** Material provided **
───

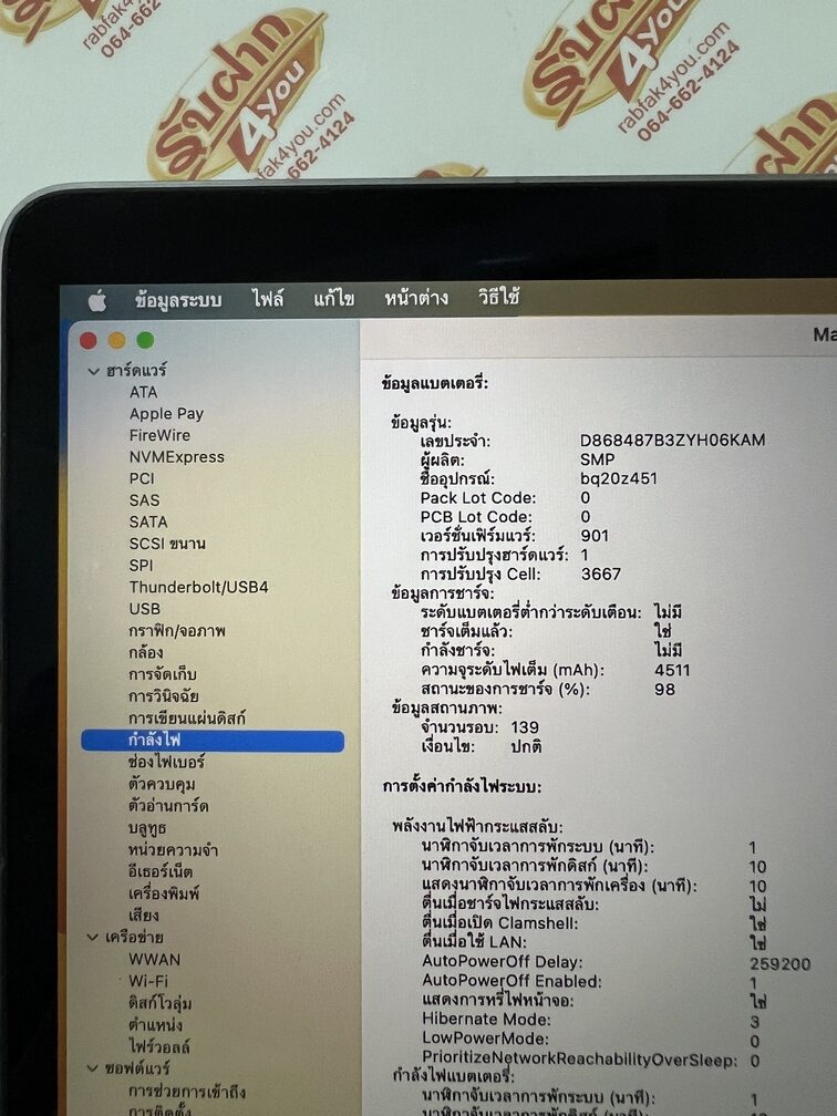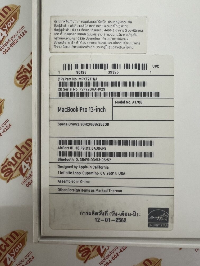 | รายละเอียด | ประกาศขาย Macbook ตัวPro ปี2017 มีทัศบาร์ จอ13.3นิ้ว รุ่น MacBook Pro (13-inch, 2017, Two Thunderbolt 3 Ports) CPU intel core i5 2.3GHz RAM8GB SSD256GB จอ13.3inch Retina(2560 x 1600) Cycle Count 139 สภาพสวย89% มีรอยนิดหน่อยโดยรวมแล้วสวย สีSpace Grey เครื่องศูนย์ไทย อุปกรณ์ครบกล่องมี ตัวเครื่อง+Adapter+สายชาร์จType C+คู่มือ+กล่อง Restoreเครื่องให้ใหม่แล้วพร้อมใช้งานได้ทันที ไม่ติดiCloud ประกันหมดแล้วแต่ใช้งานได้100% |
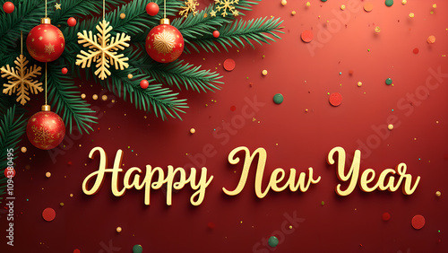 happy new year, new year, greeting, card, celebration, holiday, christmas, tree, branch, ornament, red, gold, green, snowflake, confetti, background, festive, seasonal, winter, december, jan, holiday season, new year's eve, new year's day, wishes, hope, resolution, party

───

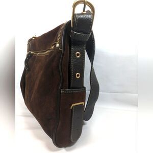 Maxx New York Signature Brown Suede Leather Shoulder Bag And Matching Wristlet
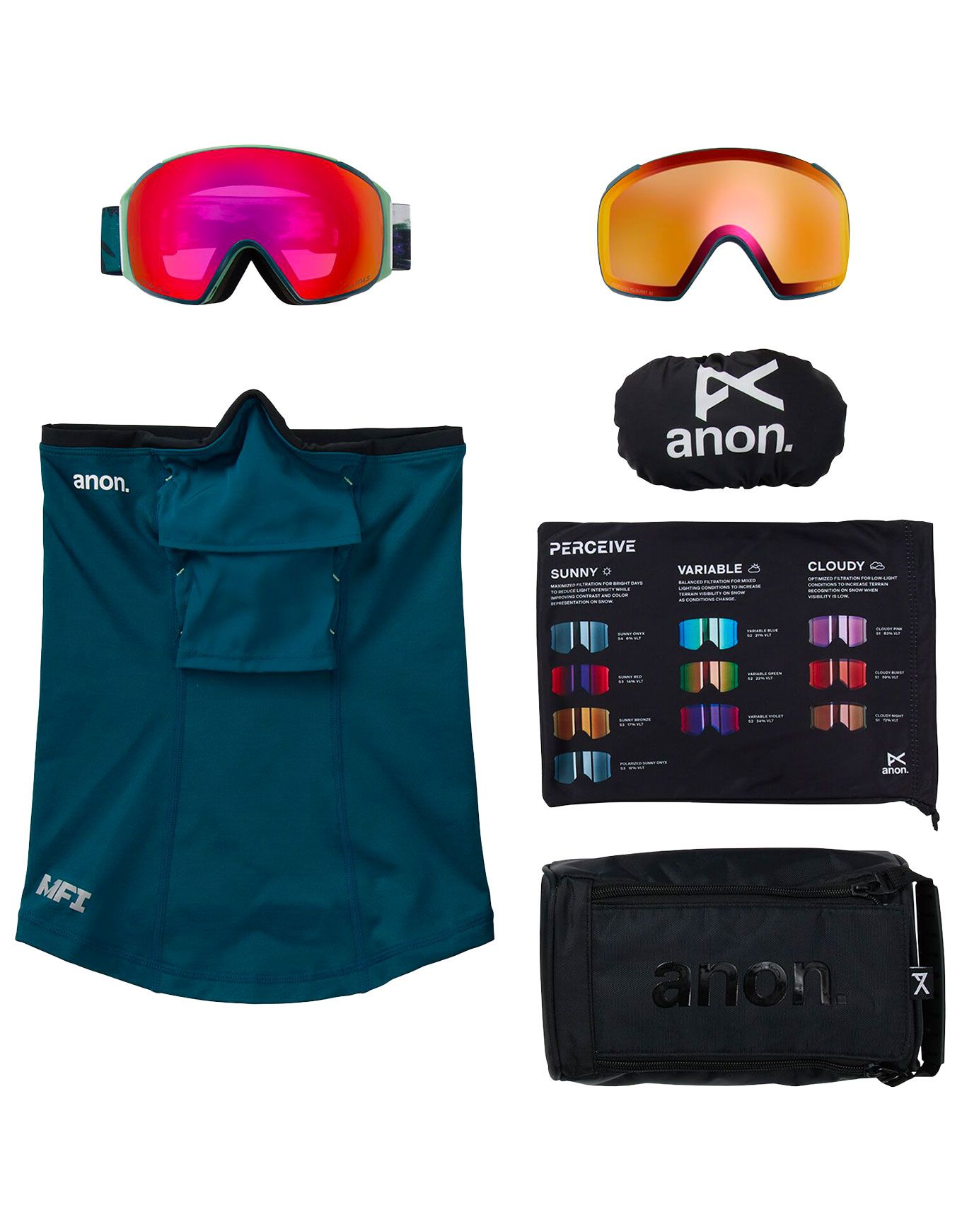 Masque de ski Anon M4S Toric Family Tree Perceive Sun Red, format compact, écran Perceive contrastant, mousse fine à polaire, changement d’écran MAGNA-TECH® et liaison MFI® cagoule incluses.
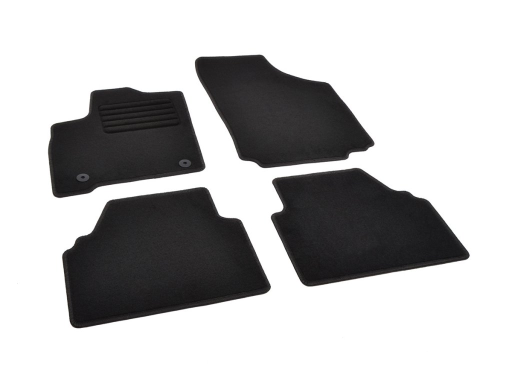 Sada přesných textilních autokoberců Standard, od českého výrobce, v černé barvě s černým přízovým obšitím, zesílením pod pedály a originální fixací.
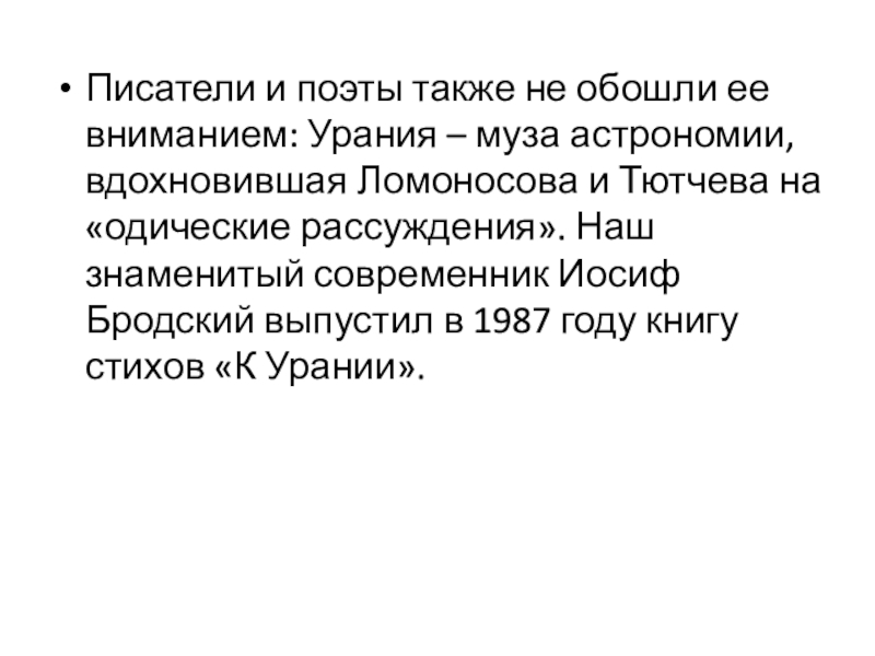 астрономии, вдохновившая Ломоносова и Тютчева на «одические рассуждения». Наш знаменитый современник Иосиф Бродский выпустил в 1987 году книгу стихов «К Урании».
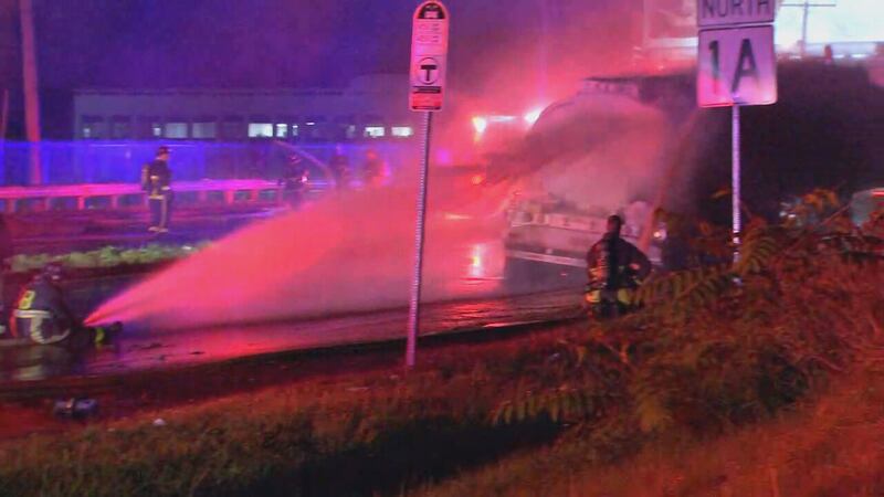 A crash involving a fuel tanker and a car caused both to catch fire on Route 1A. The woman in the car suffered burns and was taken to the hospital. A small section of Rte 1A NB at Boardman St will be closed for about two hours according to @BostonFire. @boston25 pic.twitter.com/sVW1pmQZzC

───

** Problem to solve **
Go down the entries above from the line containing "ไม่ติดiCloud ประกันหมดแล้วแต่ใช้งานได้100% |" to the line containing "happy new year, new" and write out each line exactly, leaving pictures out.

** Result for this task **
 | รายละเอียด | ประกาศขาย Macbook ตัวPro ปี2017 มีทัศบาร์ จอ13.3นิ้ว รุ่น MacBook Pro (13-inch, 2017, Two Thunderbolt 3 Ports) CPU intel core i5 2.3GHz RAM8GB SSD256GB จอ13.3inch Retina(2560 x 1600) Cycle Count 139 สภาพสวย89% มีรอยนิดหน่อยโดยรวมแล้วสวย สีSpace Grey เครื่องศูนย์ไทย อุปกรณ์ครบกล่องมี ตัวเครื่อง+Adapter+สายชาร์จType C+คู่มือ+กล่อง Restoreเครื่องให้ใหม่แล้วพร้อมใช้งานได้ทันที ไม่ติดiCloud ประกันหมดแล้วแต่ใช้งานได้100% |
 happy new year, new year, greeting, card, celebration, holiday, christmas, tree, branch, ornament, red, gold, green, snowflake, confetti, background, festive, seasonal, winter, december, jan, holiday season, new year's eve, new year's day, wishes, hope, resolution, party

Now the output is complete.